Reflections: Death Comes for the Archbishop


Few novels manage to maintain the meditative rhythm throughout that Willa Cather's Death Comes for the Archbishop does. Bishop Jean Latour and his longtime companion and spiritual helpmeet Father Joseph Vaillant traverse the New Mexican territory in the wake of the Mexican war (1848) and, eventually, the Gadsden Purchase (1853). Latour and  Vaillant commit their lives to serving a long neglected Catholic flock, dispersed as it is across hundreds of miles of desert.

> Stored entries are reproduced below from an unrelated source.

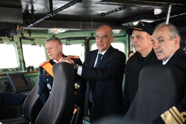 Ο κ. Δένδιας ενημερώθηκε για την αποστολή της Φρεγάτας και αντάλλαξε ευχές με τον Κυβερνήτη Αντιπλοίαρχο Κωνσταντίνο Κόκκαλη ΠΝ και το προσωπικό που υπηρετεί σε αυτήν.
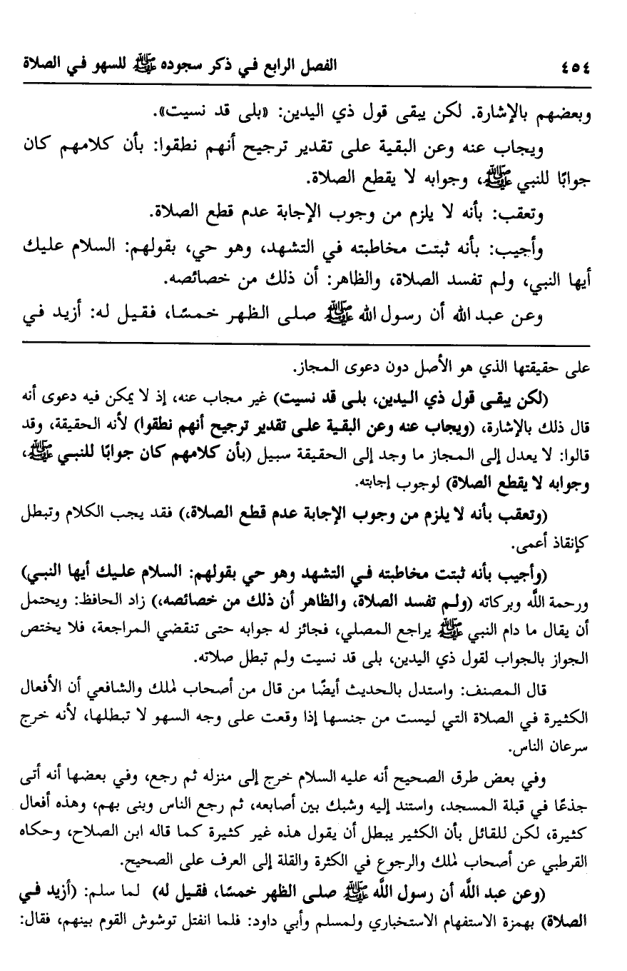 "لكن يبقى قول ذي اليدين، بلى قد نسيت" غير مجاب عنه، إذ لا يمكن فيه دعوى أنه قال ذلك بالإشارة، "ويجاب عنه وعن البقية على تقدير ترجيح أنهم نطقوا" لأنه الحقيقة، وقد قالوا: لا يعدل إلى المجاز ما وجد إلى الحقيقة سبيل "بأن كلامهم كان جوابا للنبي صلى الله عليه وسلم وجوابه لا يقطع الصلاة" لوجوب إجابته.
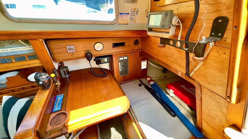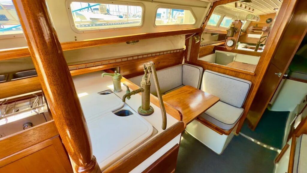The galley and nav station are at the aft end of the main cabin. The port-side galley has room for a two or three-burner stove with oven. Unless an owner has retrofitted with propane, it will be an alcohol stove. In our opinion, pressurized alcohol stoves should be consigned to the nearest dumpster at the first opportunity.
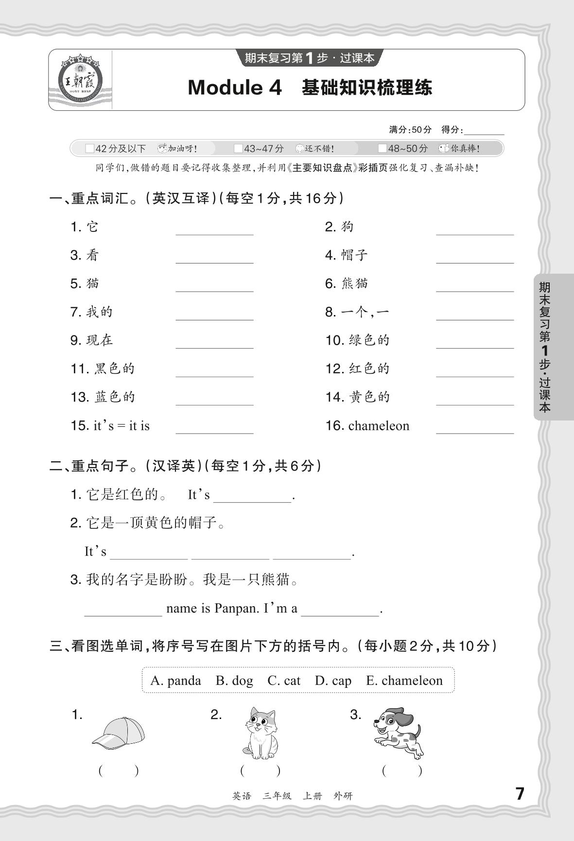 2023秋上册三年级英语外研版 期末过课本·Moudle 4 基础知识梳理练

Although we know from the beginning that death will come for the archbishop, this knowledge only provokes us to see more clearly how the potentially mortal harshness of the conditions that the inhabitants of the desert face give rise to a specific kind of life force. Each section of the book focuses on a different brand of spiritual purity, and each lingers over the amazing natural beauty in which it thrives. We see: the loyalty of an Indian guide who will put at risk a tribal secret to save the life of Latour in the midst of a snow storm; the devotion of an old slave who takes advantage of being ousted from a warm house in the clear night of a bitter cold snap to worship at the altar of Mary; the struggle the holy man daily faces between his religious duties and his personal affections made easy under the cleansing solitude produced by desert sand storms; and the power that the light of a sunset cast on the stone of a cathedral can have to revive the spirits of a dying man.

Underneath the reflections on purity, fervor, commitment, and man's place in nature hums a slender but satisfying tale of the sustaining friendship between two men who have left behind their families and country in order to fulfill a mission in which they believe.